Daily News, L. P. v. Teresi
This text of 275 A.D.2d 812 (Daily News, L. P. v. Teresi) is published on Counsel Stack Legal Research, covering Appellate Division of the Supreme Court of the State of New York primary law. Counsel Stack provides free access to over 12 million legal documents including statutes, case law, regulations, and constitutions.
Opinion
Proceeding pursuant to CPLR article 78 (initiated in this Court pursuant to CPLR 506 [b] [1]) to review a determination of respondent which denied petitioner’s application in a criminal action for an order authorizing public access to materials received in evidence during the trial of the action.

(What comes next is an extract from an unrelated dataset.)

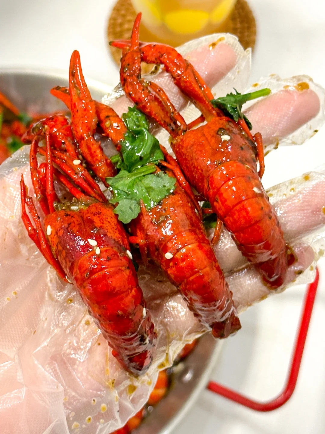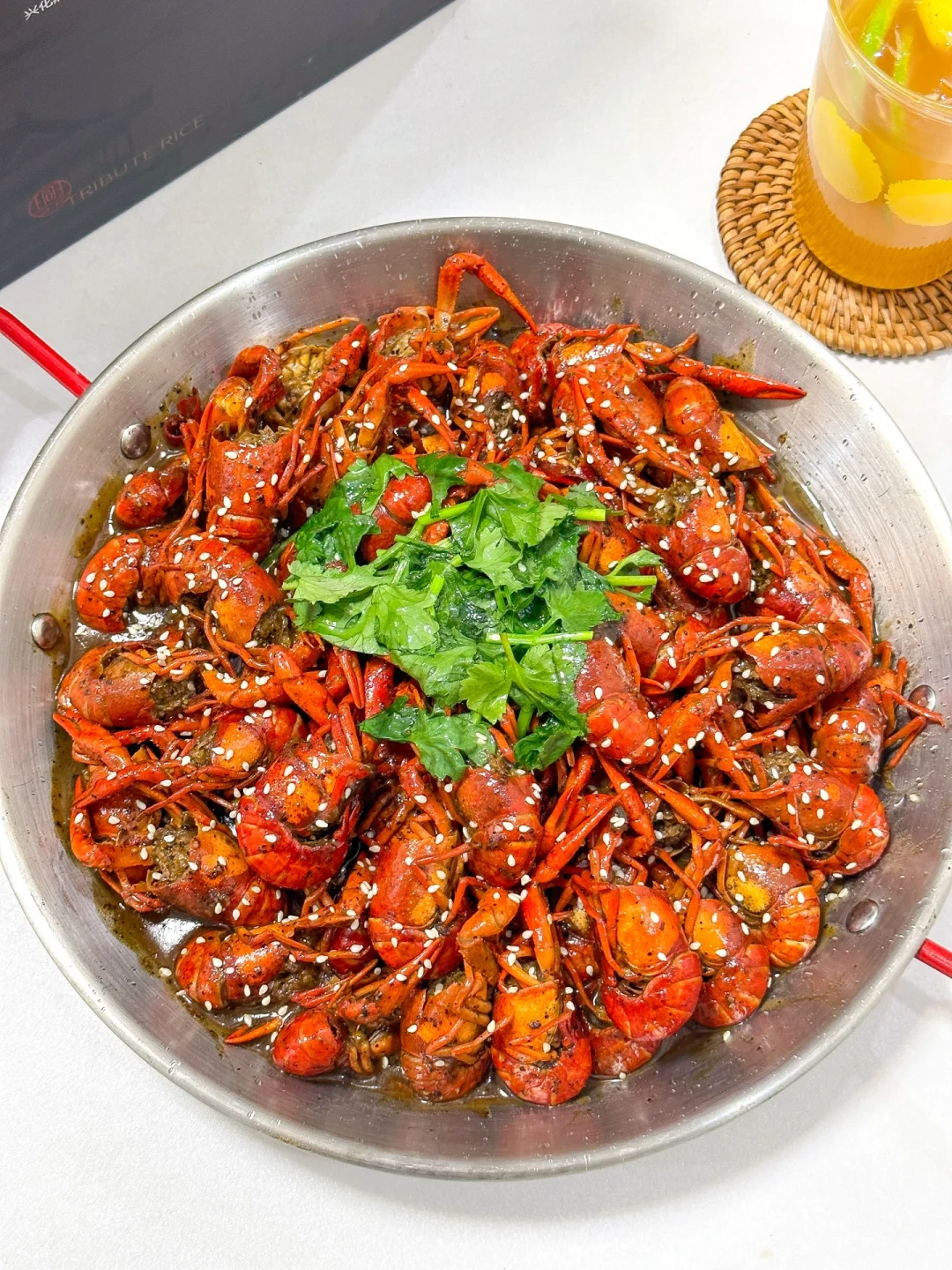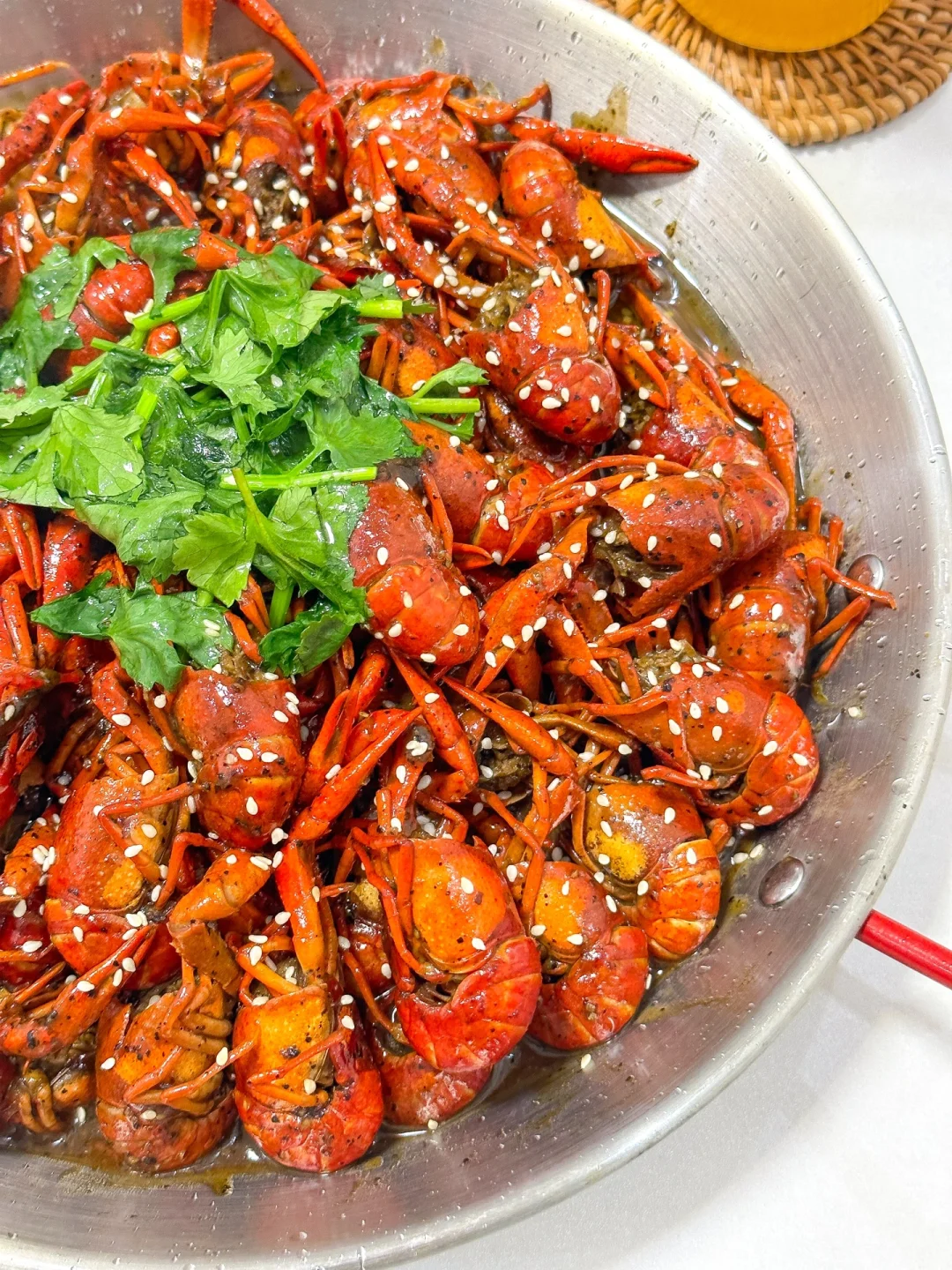 又到了小龙虾的季节了!一到龙虾季我们家是隔三差五的就烧上一份!之前烧过麻辣的、蒜蓉的、十三香的还有清蒸的!今天安排个黑椒味的!一口就上瘾了!而且做法简单0失败,分享给朋友们✌🏻 ㅤ 🌟准备食材🌟 小龙虾三斤 啤酒一瓶 葱姜蒜辣椒 香菜 调味料一包 🌟做法🌟 1️⃣小龙虾用牙刷刷干净,剪掉头部去掉沙包,尾部中间扯断,抽出虾线 2️⃣锅中加油,油热加入葱段、姜片、蒜片和辣椒炒香,倒入小龙虾翻炒至变红,加入半包调味料包 3️⃣加入一罐啤酒和水没过小龙虾,大火煮沸转小火焖煮20分钟左右 4️⃣倒入剩余的半包调料和黑胡椒碎,继续焖煮10分钟收汁撒上白芝麻香菜点缀即可 ㅤ 真的巨简单!做好的小龙虾超入味的,黑椒味带点微辣,真的好吃到吮指头!!喜欢加土豆黄瓜等配菜的也可以加,汤汁还可以拿来拌面条也是绝了vo~ ㅤ 一包料刚好做三斤小龙虾,真的要试试啊!手残党也可以烧出好吃的小龙虾!!完全不输外面饭店!还有冬阴功味的,等下一波小龙虾再去试试!! ㅤ

[813]*813Petitioners are seven news organizations that claim they were prohibited from inspecting or copying documentary exhibits admitted in evidence in the criminal trial of four New York City police officers charged with murder and reckless endangerment in connection with the death of Amadou Diallo. During the course of the trial, petitioners moved for an order authorizing access to the materials received in evidence. Respondent denied the motion finding that petitioners’ broad request for unrestricted access “would pose a significant risk of impairing the integrity of the evidence and interferfe] with the orderly conduct of the trial” (People v Boss, Sup Ct, Albany County, Feb. 17, 2000, Teresi, J., slip opn, at 4). Following the conclusion of the trial and the acquittal of the criminal defendants, petitioners brought this proceeding seeking judgment against respondent (1) declaring that the public has a right to inspect documents admitted into evidence
This Court has previously observed that, “ ‘[i]t is a fundamental principle of our jurisprudence that the power of a court to declare the law arises out of, and is limited to, determining the rights of persons which are actually controverted in a particular case pending before the tribunal’ ” (Matter of Clear Channel Communications v Rosen, 263 AD2d 663, 664, quoting Matter of Hearst Corp. v Clyne, 50 NY2d 707, 713; see, Matter of Schulz v State of New York, 200 AD2d 936, 937, appeal dismissed 83 NY2d 905; Matter of Schulz v State of New York, 182 AD2d 3, 4-5, appeal dismissed 80 NY2d 924, lv denied 80 NY2d 761). The instant proceeding no longer presents a live controversy. It became moot when, following the acquittals of the criminal defendants and the return of the trial exhibits to the parties, respondent exempted the exhibits from his sealing order (see, CPL 160.50), effectively terminating his control over them.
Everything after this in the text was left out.